#### [Exercise prompt]
Among the entries that follow, the required portion opens with the line containing "Identificador de bagagem" and closes with the line containing "781001 Designer Bandhani". Give that portion again exactly, and nothing else.

#### [Available data]
*** Begin section ***

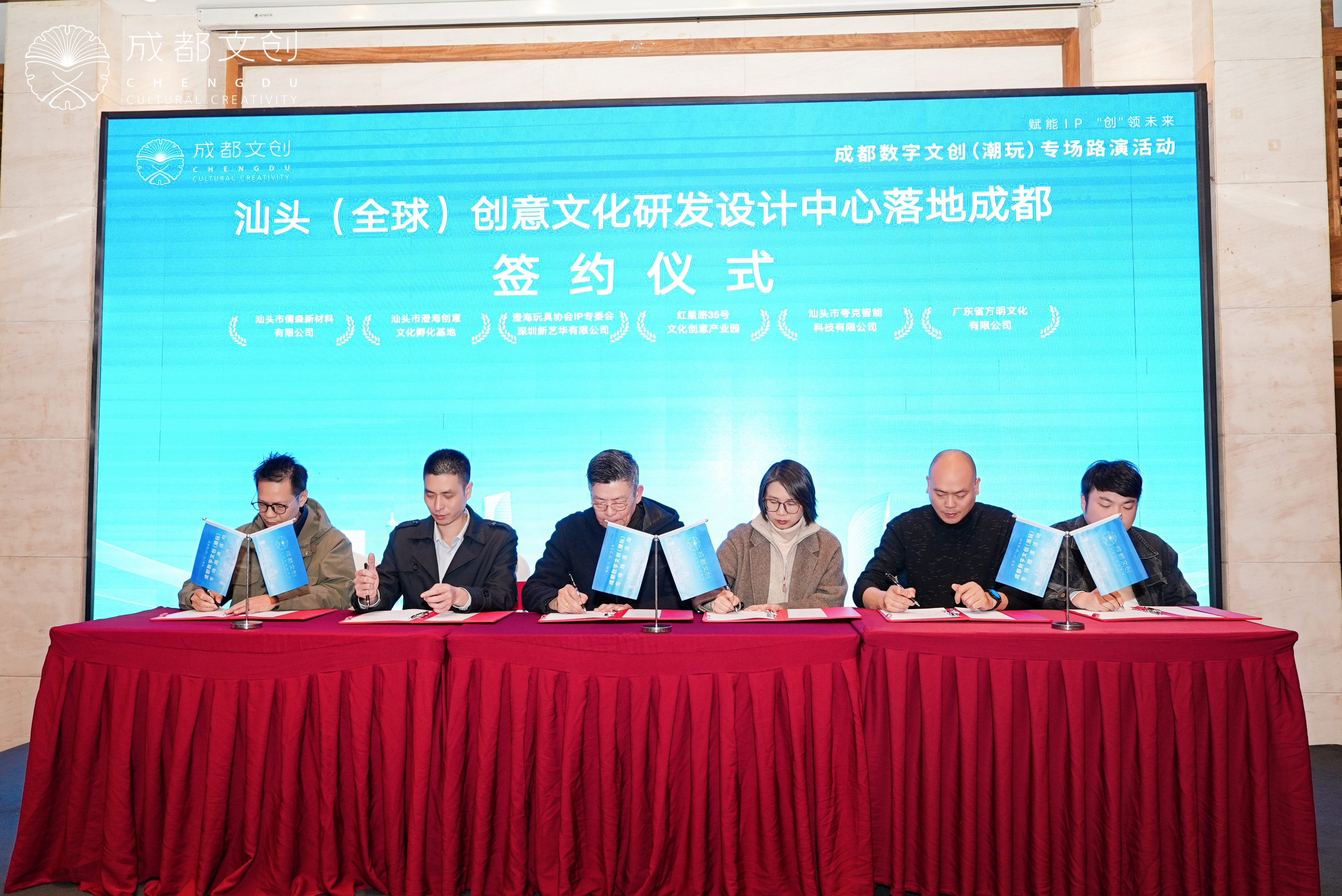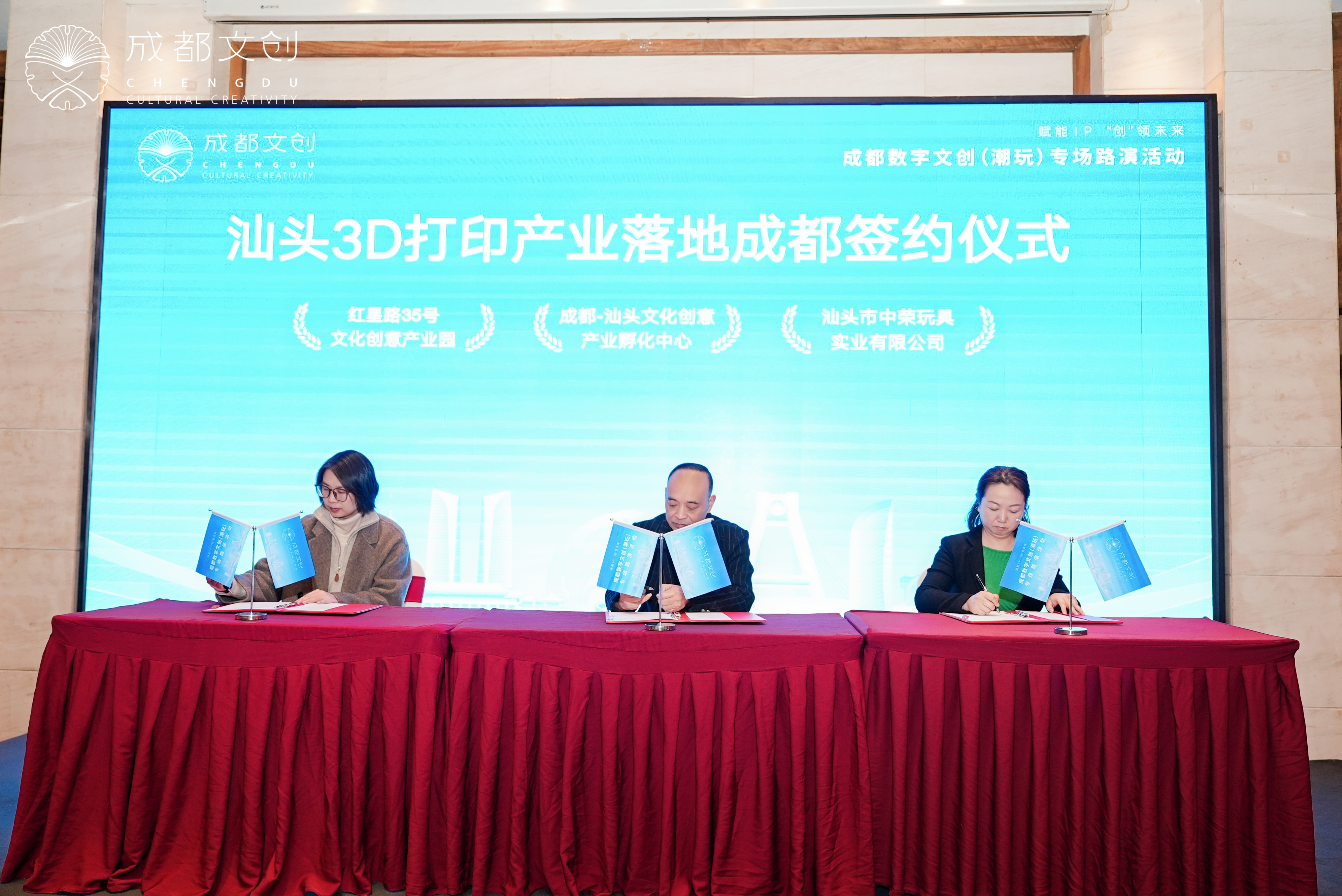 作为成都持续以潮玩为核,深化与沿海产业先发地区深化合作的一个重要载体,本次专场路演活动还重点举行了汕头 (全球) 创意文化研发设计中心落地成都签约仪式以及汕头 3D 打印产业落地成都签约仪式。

*** End section ***
*** Begin section ***

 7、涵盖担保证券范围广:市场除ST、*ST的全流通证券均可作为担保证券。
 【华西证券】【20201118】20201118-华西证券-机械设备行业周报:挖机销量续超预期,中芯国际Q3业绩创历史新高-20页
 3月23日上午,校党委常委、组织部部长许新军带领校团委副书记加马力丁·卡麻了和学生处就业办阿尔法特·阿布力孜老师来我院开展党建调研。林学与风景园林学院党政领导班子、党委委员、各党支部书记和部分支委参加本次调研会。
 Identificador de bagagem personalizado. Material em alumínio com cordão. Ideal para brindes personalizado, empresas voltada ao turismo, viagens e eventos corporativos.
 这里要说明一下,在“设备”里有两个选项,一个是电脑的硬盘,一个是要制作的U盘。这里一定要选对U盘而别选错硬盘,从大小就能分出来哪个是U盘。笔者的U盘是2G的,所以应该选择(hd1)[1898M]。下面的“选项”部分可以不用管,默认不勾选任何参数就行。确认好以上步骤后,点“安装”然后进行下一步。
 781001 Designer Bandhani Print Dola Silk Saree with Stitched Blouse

*** End section ***

#### [Completed task]
 Identificador de bagagem personalizado. Material em alumínio com cordão. Ideal para brindes personalizado, empresas voltada ao turismo, viagens e eventos corporativos.
 这里要说明一下,在“设备”里有两个选项,一个是电脑的硬盘,一个是要制作的U盘。这里一定要选对U盘而别选错硬盘,从大小就能分出来哪个是U盘。笔者的U盘是2G的,所以应该选择(hd1)[1898M]。下面的“选项”部分可以不用管,默认不勾选任何参数就行。确认好以上步骤后,点“安装”然后进行下一步。
 781001 Designer Bandhani Print Dola Silk Saree with Stitched Blouse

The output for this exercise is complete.